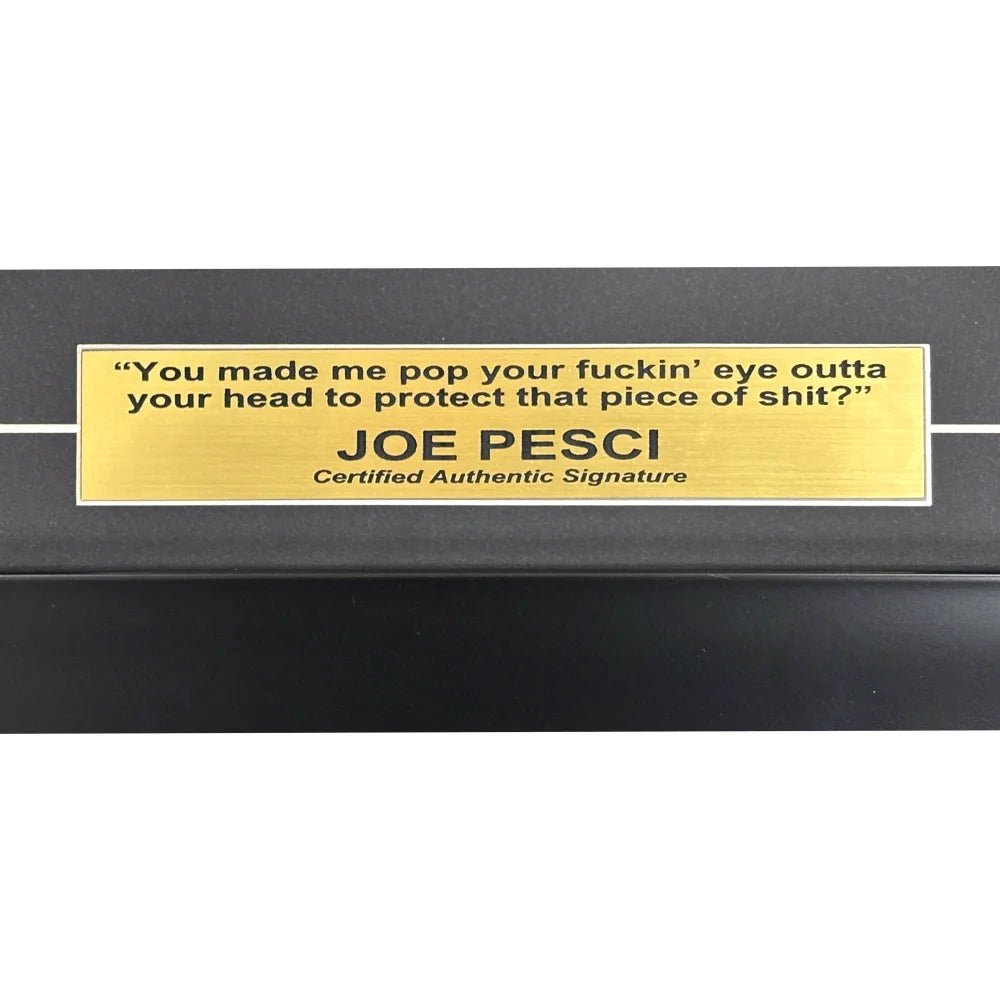 Enhancing the cinematic presentation are a replica Tangiers Casino metal chip and a pair of custom fantasy Tangiers playing cards (9 of Diamonds and 6 of Diamonds), evoking the high-stakes Las Vegas underworld depicted in the film. A striking gold engraved nameplate proudly reads “NICKY SANTORO”, paired with a bottom gold plaque featuring Pesci’s chilling line: “You made me pop your f*ckin’ eye outta your head to protect that piece of sh*t?” — Certified Authentic Signature.
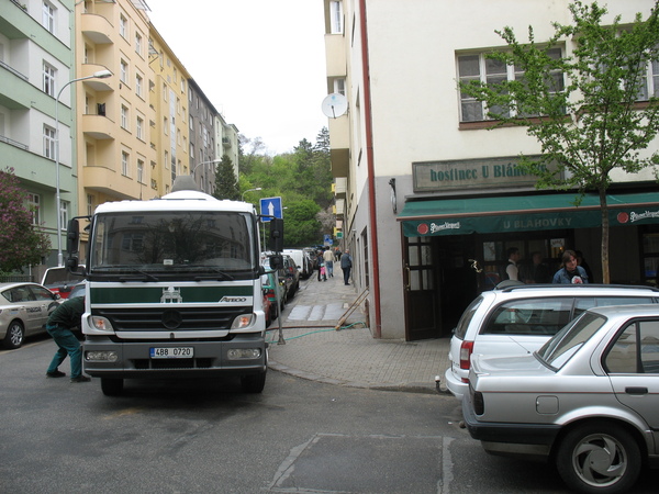 Водитель залез в подвал, подключил один из привезенных собой шлангов к водопроводу и начал промывать танки. Промывал он их минут пятнадцать. По одному шлангу в танк подавалась вода, по другому из него откачивалась. Затем мужик полез в подвал с большим куском полиэтилена, видимо карманом или пакетом. После чего опять начал колдовать со своими шлангами и пультом на машине. Видимо начал откачивать воздух из танка, а потом в танк полилось пиво. Весь процесс занял около часа.
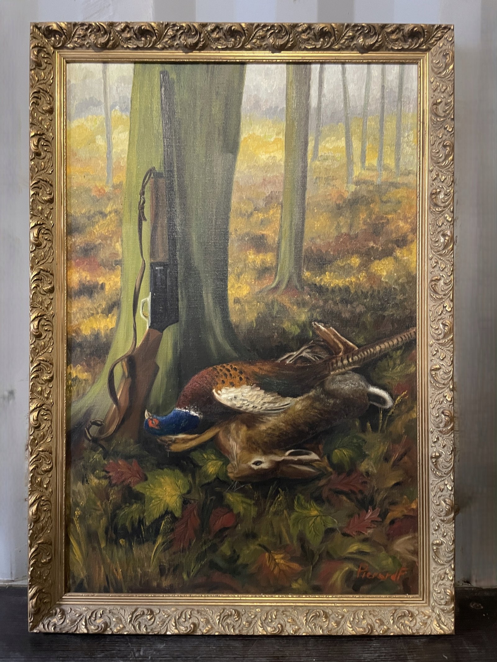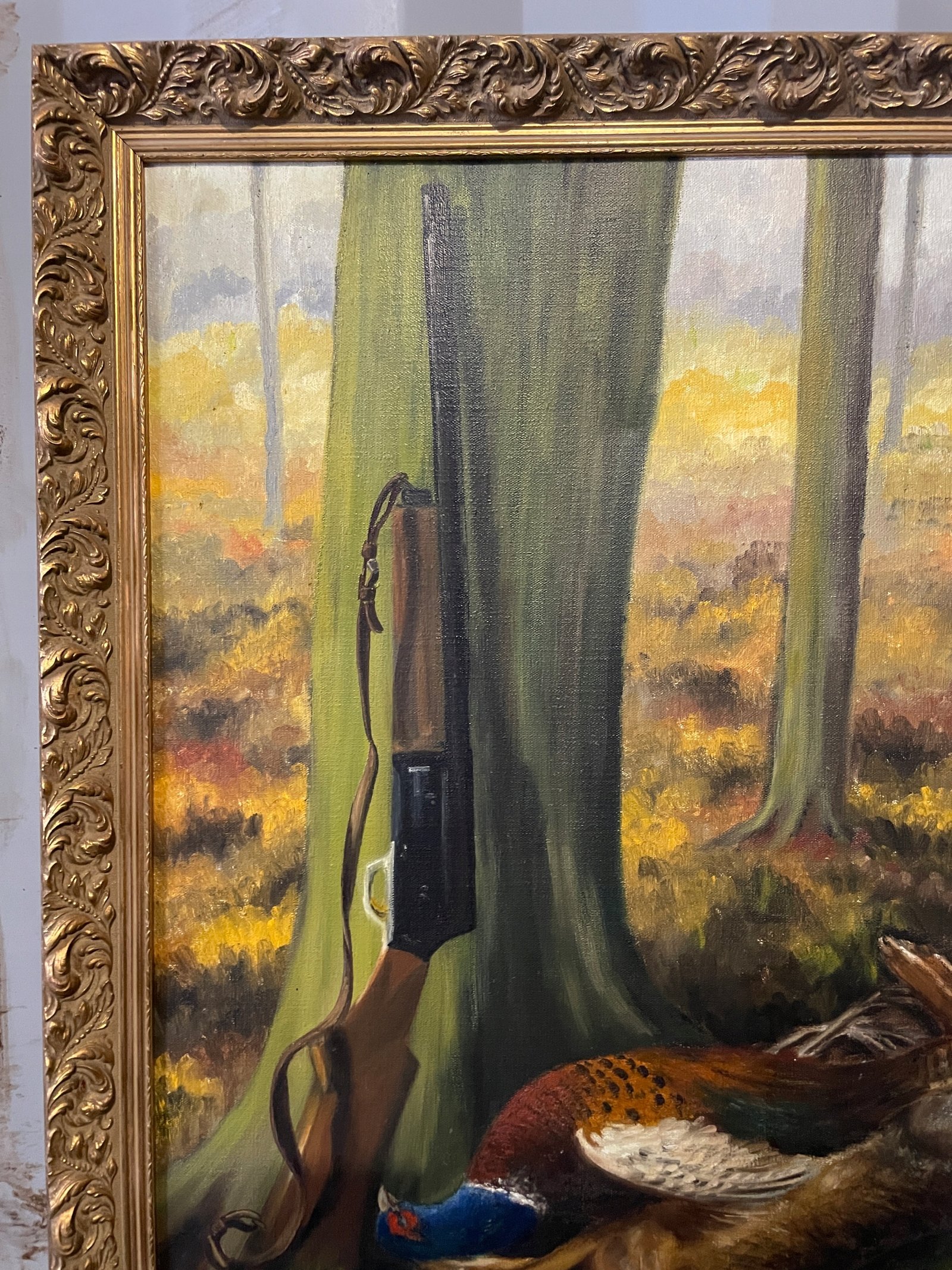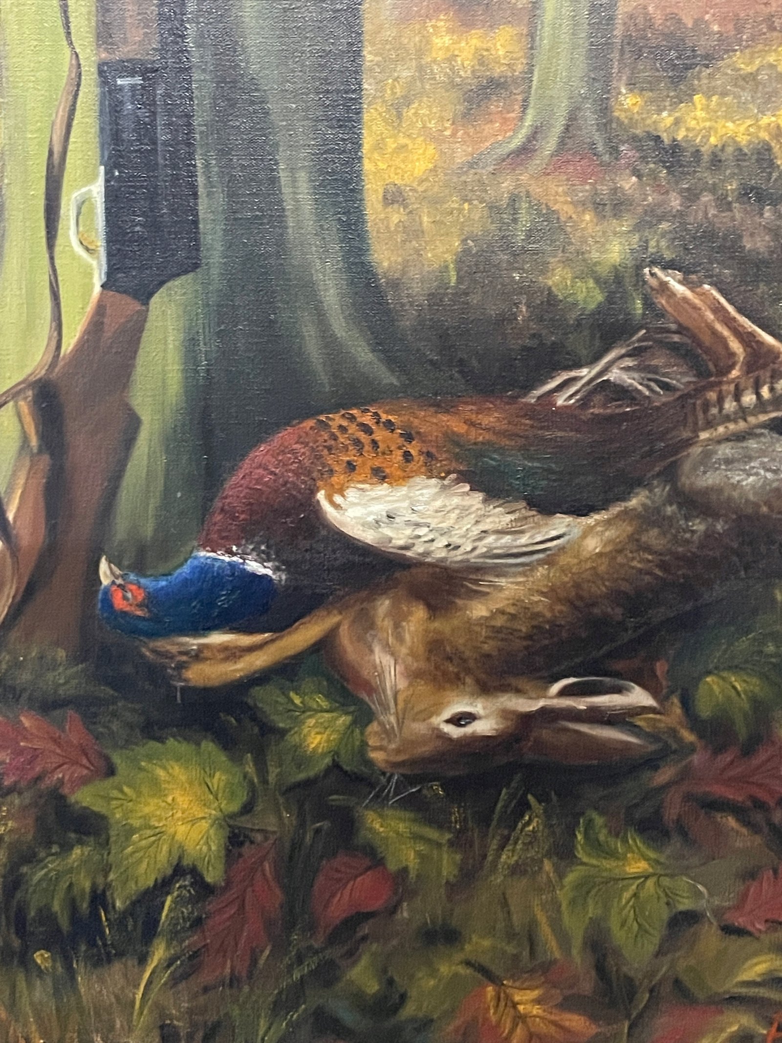 Obraz martwa natura myśliwska z bronią bażantem i zającem 98x68cm
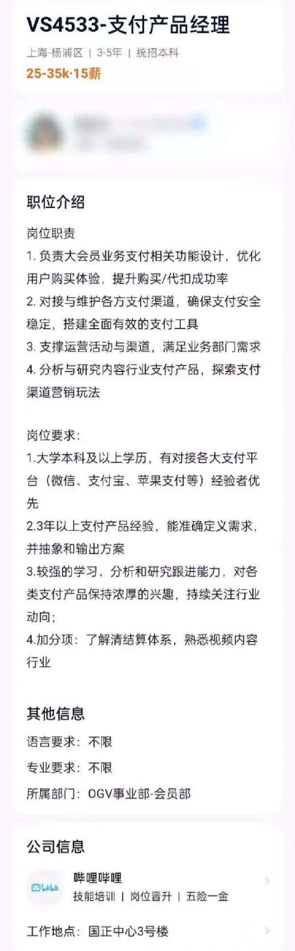 此外,早在去年,B站就已经放出高级/资深支付开发工程师等支付业务相关岗位。直至今年11月20日,记者仍可以搜索到资深/高级支付产品经理、支付产品经理等招聘岗位,工作职责包括“负责大会员业务支付相关功能设计,优化各场景用户购买体验,提升整体付费购买/代扣成功率”“负责直播业务支付结算相关功能设计,优化产品体验”等。
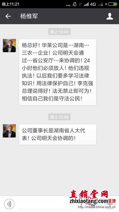 华莱公司团队负责人人杨某威胁短信
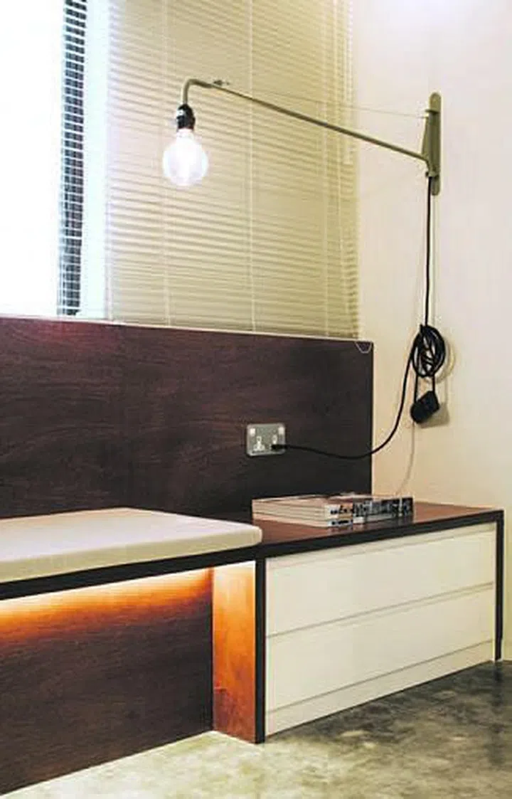 A bench installed under the windows by the entrance provide extra seating space when Mr Foo has friends over. “Mikael thinks about all the details, so every inch in the apartment is fully made use of,” says Mr Foo. For example, Mr Teh attached a drawer to the bedroom wall near his bed, so it’s easy for Mr Foo to reach over to grab a book for some bedtime reading.
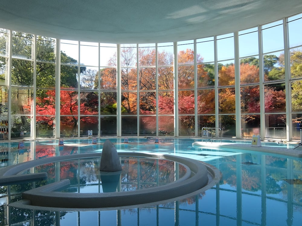 溫浴水池的水溫接近正常人體體溫(約35℃),對人體較無負擔;池畔設有按摩水柱,可以拯救痠痛頂叩叩的肩頸。水池區與溫泉區可互通,但由於溫浴水池是男女混合區域,進入前必須先換上泳裝喔!
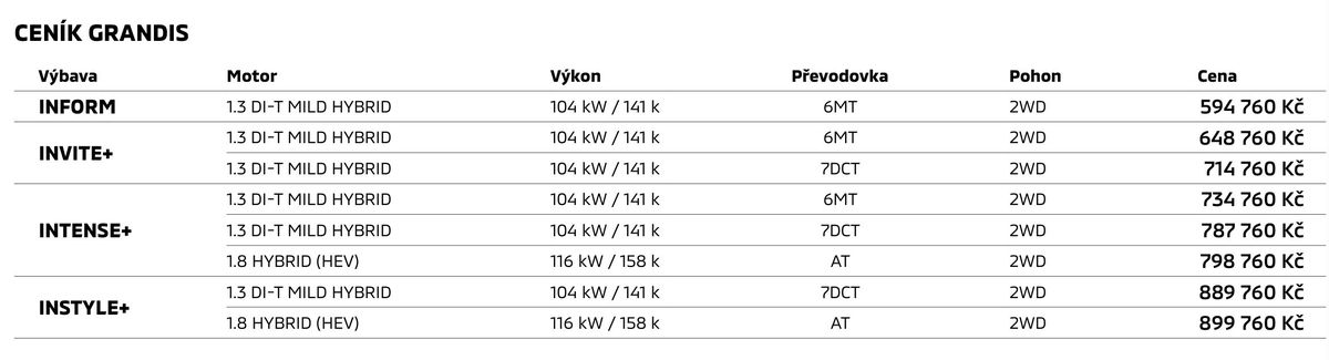 Pokud chcete jezdit ještě úsporněji, sáhněte po vylepšeném full-hybridu (diesel není a nebude) – ten má nově za základ čtyřválcovou osmnáctistovku (dříve byla šestnáctistovka) a vylepšenou multimodální automatickou převodovkou, takže je výkonnější (kombinovaný výkon činí 160 k), přitom efektivnější, tišší a hladší. A umí jezdit za nějakých 4,5 litru v průměru, jak jsme si již vyzkoušeli při prvních novinářských jízdách, kde se Grandis ukázal jako velmi příjemný společník.
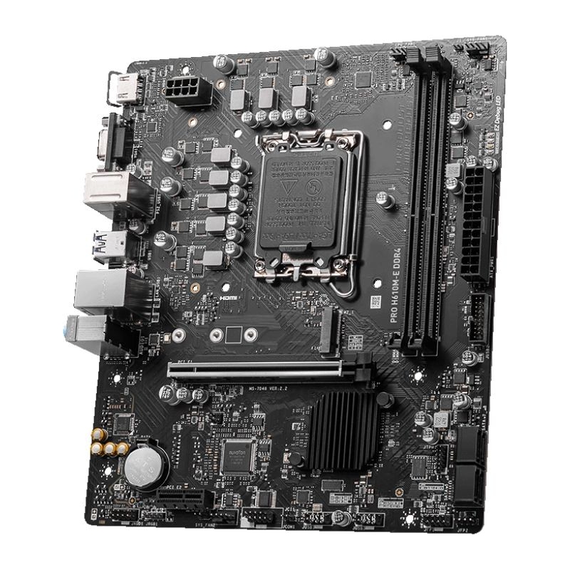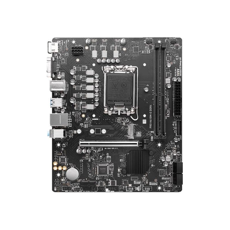 SKU KBMSIIIEH610U01 Barcode 4711377002660 Model Pro H610M-E DDR4 CPU socket LGA1700 Processor family Intel Celeron Processor family Intel Pentium Processor family Intel Core Integrated CPU No Chipset manufacturer Intel Chipset type Intel H610 Chipset Memory type DDR4 Number of DDR4 slots 2 Memory bus frequency 3200 MHz Memory bus frequency 2666 MHz Memory bus frequency 2133 MHz Max memory size 64 Expansion slots 1 x PCIe 4.0 x 16 Expansion slots 1 x PCIe 3.0 x 1 Max. number of SATA devices 4 RAID No Graphics 1x HDMI 1.4 with HDR port, supporting a maximum resolution of 4K 30Hz 1x VGA port supporting maximum resolution of 2048x1536 50Hz, 2048x1280 60Hz, 1920x1200 60Hz Sound card Realtek ALC897 Codec 7.1-Channel High Definition Audio Network interface 1x Realtek RTL8111H 1Gbps LAN controller USB ports at back panel 6 USB ports on motherboard 6 Number of USB 3.0/USB 3.1 gen 1/USB 3.2 gen 1 ports 4 FireWire (IEEE 1394) No COM connector / port No LPT connector / port No External connectors 1 x PS/2 Keyboard/MouseCombo External connectors 4 x USB 2.0 External connectors 1 x D-Sub External connectors 1 x HDMI External connectors 1 x Line In External connectors 1 x Line Out External connectors 1 x MIC External connectors 1 x RJ-45 External connectors 2 x USB 3.0 Onboard connectors 1 x Serial port header Onboard connectors 1 x TPM header Onboard connectors 2 x USB 2.0/1.1 header Onboard connectors 1 x USB 3.0 header Onboard connectors 1 x 8pin 12V power Onboard connectors 1 x 24pin ATX zasilanie Onboard connectors 1 x 4pin CPU fan Onboard connectors 2 x System panel header Onboard connectors 1 x Front panel audio header Onboard connectors 1 x Clear CMOS jumper Form factor micro ATX Dimensions 23.6 x 20 cm Supported operating systems Windows 10 Supported operating systems Windows 11 Designation CE+WEEE

» **What the task asks**: Return only the part above that opens with the line containing "Obraz martwa natura" and closes with the line containing "Pokud chcete jezdit", exactly and with both ends, skipping the pictures.

» **Completed task**:
 Obraz martwa natura myśliwska z bronią bażantem i zającem 98x68cm
 此外,早在去年,B站就已经放出高级/资深支付开发工程师等支付业务相关岗位。直至今年11月20日,记者仍可以搜索到资深/高级支付产品经理、支付产品经理等招聘岗位,工作职责包括“负责大会员业务支付相关功能设计,优化各场景用户购买体验,提升整体付费购买/代扣成功率”“负责直播业务支付结算相关功能设计,优化产品体验”等。
 华莱公司团队负责人人杨某威胁短信
 A bench installed under the windows by the entrance provide extra seating space when Mr Foo has friends over. “Mikael thinks about all the details, so every inch in the apartment is fully made use of,” says Mr Foo. For example, Mr Teh attached a drawer to the bedroom wall near his bed, so it’s easy for Mr Foo to reach over to grab a book for some bedtime reading.
 溫浴水池的水溫接近正常人體體溫(約35℃),對人體較無負擔;池畔設有按摩水柱,可以拯救痠痛頂叩叩的肩頸。水池區與溫泉區可互通,但由於溫浴水池是男女混合區域,進入前必須先換上泳裝喔!
 Pokud chcete jezdit ještě úsporněji, sáhněte po vylepšeném full-hybridu (diesel není a nebude) – ten má nově za základ čtyřválcovou osmnáctistovku (dříve byla šestnáctistovka) a vylepšenou multimodální automatickou převodovkou, takže je výkonnější (kombinovaný výkon činí 160 k), přitom efektivnější, tišší a hladší. A umí jezdit za nějakých 4,5 litru v průměru, jak jsme si již vyzkoušeli při prvních novinářských jízdách, kde se Grandis ukázal jako velmi příjemný společník.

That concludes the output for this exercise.